> EXERCISE DIRECTIONS:
Restate, exactly as written, the entries below from the line that holds "CSSM に接続:製品インスタンスがコントローラによって管理されている場合、コントローラはスケジュールされた時間に RUM" through the line that holds "Chair without armrests, standard". Pictures are not part of the copy.

> RAW DATA:
Content starts

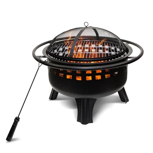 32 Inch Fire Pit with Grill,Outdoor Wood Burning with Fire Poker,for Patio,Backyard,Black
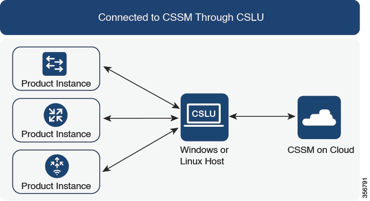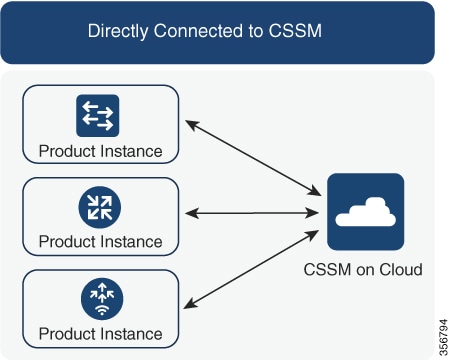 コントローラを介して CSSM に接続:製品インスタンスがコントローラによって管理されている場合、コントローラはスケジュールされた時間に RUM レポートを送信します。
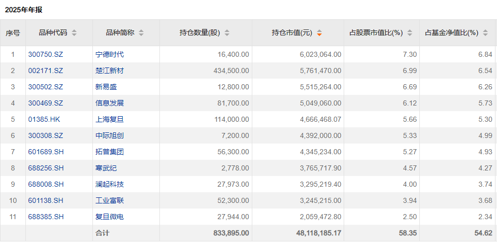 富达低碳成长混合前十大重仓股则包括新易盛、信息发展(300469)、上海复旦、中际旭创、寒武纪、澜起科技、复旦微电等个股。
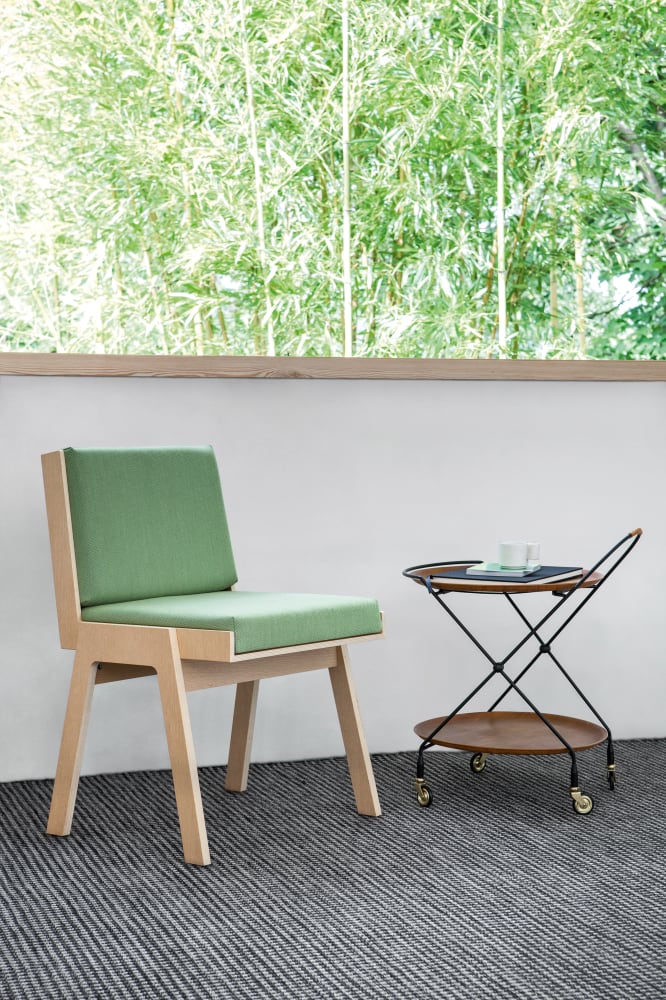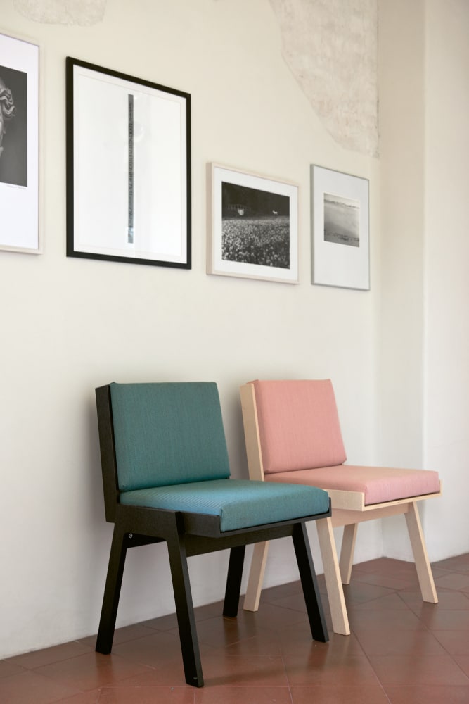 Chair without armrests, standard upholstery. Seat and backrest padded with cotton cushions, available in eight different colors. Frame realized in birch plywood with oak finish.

Content ends
Content starts

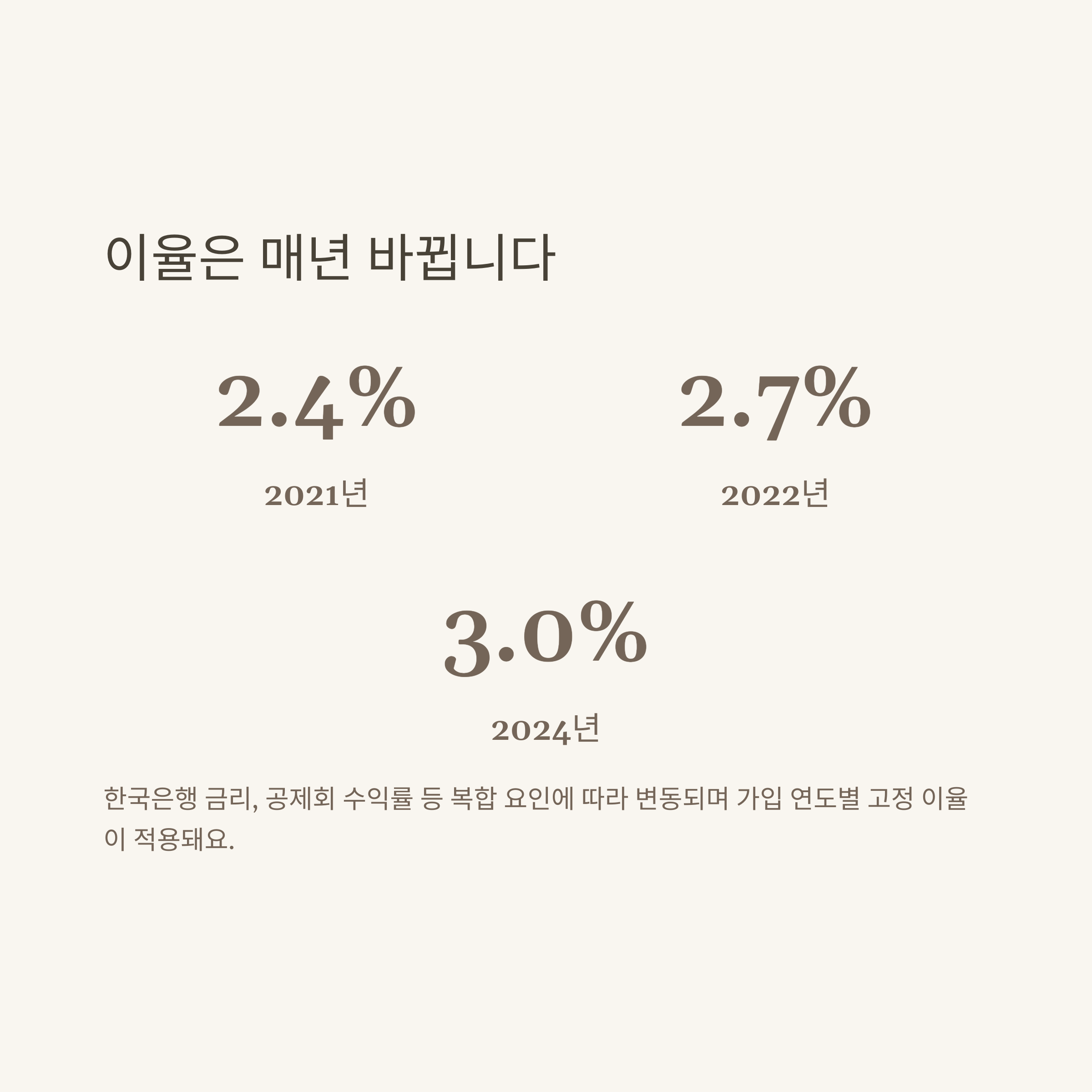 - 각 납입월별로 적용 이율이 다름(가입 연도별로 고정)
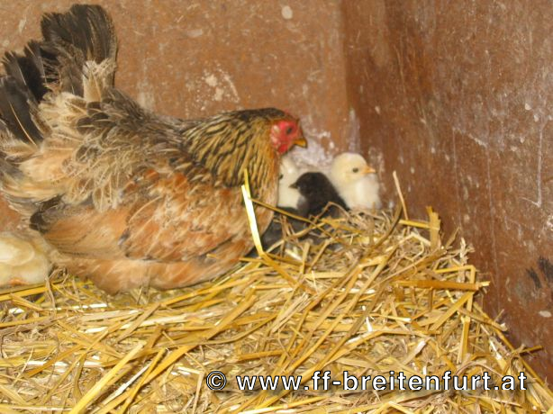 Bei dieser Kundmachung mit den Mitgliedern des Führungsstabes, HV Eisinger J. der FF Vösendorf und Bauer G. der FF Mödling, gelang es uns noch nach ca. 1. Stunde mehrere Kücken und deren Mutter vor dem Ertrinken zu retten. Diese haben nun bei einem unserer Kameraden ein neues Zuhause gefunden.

Content ends

> ANSWER FOR THE TASK:
 コントローラを介して CSSM に接続:製品インスタンスがコントローラによって管理されている場合、コントローラはスケジュールされた時間に RUM レポートを送信します。
 富达低碳成长混合前十大重仓股则包括新易盛、信息发展(300469)、上海复旦、中际旭创、寒武纪、澜起科技、复旦微电等个股。
 Chair without armrests, standard upholstery. Seat and backrest padded with cotton cushions, available in eight different colors. Frame realized in birch plywood with oak finish.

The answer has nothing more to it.